GabriellaMontez · 17/10/2024 10:42

Oh dear.

Not only has he told his friend that you're sharing, but he also believes it himself.

He doesn't like his lodger status and is determined to assert power/control.

I'd want him out asap. Start afresh with clearer guidelines (and not a dick).

How old is he?

lodger · 17/10/2024 10:45

Oh dear. So last night he told me he had been living here 6 months. I found a post of his on Facebook saying he had been living here over two years. I'm not comfortable with the fact he's lied

OP posts:
OlderGlaswegianLivingInDevon · 17/10/2024 10:51

you are not comfortable with him full stop

you are now accusing him of theft of an edible gift - what was it ? 2 cupcakes or something similar

and now you are stalking his Facebook

what did his references say ?
you did take references didn't you

threeunrelatedwords · 17/10/2024 11:03

OlderGlaswegianLivingInDevon · 17/10/2024 10:51

you are not comfortable with him full stop

you are now accusing him of theft of an edible gift - what was it ? 2 cupcakes or something similar

and now you are stalking his Facebook

what did his references say ?
you did take references didn't you

Enough with the snotty tone, it’s not necesssry.

It’s very common for live in landlords to go by gut feeling and not take formal references for lodgers.
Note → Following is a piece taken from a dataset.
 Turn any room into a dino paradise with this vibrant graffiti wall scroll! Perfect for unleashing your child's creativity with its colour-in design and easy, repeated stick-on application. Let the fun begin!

Unfortunately as in this case, it leaves them open to being exploited by mentalists.

GabriellaMontez · 17/10/2024 11:07

OlderGlaswegianLivingInDevon · 17/10/2024 10:51

you are not comfortable with him full stop

you are now accusing him of theft of an edible gift - what was it ? 2 cupcakes or something similar

and now you are stalking his Facebook

what did his references say ?
you did take references didn't you

I knew someone would come along and belittle the fact that he took the OPs gift.
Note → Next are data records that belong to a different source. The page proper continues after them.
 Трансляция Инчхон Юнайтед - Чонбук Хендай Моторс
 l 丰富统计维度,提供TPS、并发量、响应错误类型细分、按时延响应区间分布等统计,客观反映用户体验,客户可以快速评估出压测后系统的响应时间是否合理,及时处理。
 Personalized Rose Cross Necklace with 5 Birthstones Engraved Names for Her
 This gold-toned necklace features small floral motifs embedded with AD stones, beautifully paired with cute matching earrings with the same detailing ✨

Todaywasbetter · 17/10/2024 11:17

It’s definitely time for him to go. Give him notice today. Your next lodger Will be fabulous.

Littys · 17/10/2024 11:29

lodger · 17/10/2024 10:45

Oh dear. So last night he told me he had been living here 6 months. I found a post of his on Facebook saying he had been living here over two years. I'm not comfortable with the fact he's lied

OP, honestly please protect yourself.
Help yourself.
You are a vulnerable woman who has allowed a presumptuous liar to live with you.
I would be calling 101 for advice.

Moving your key?
Really, so you couldn't open the foor to your property.
Why would a normal person do that?
They wouldn't.

He took food that clearly wasn't his.
Very poor impulse control.

You cannot say you have not been very clearly warned.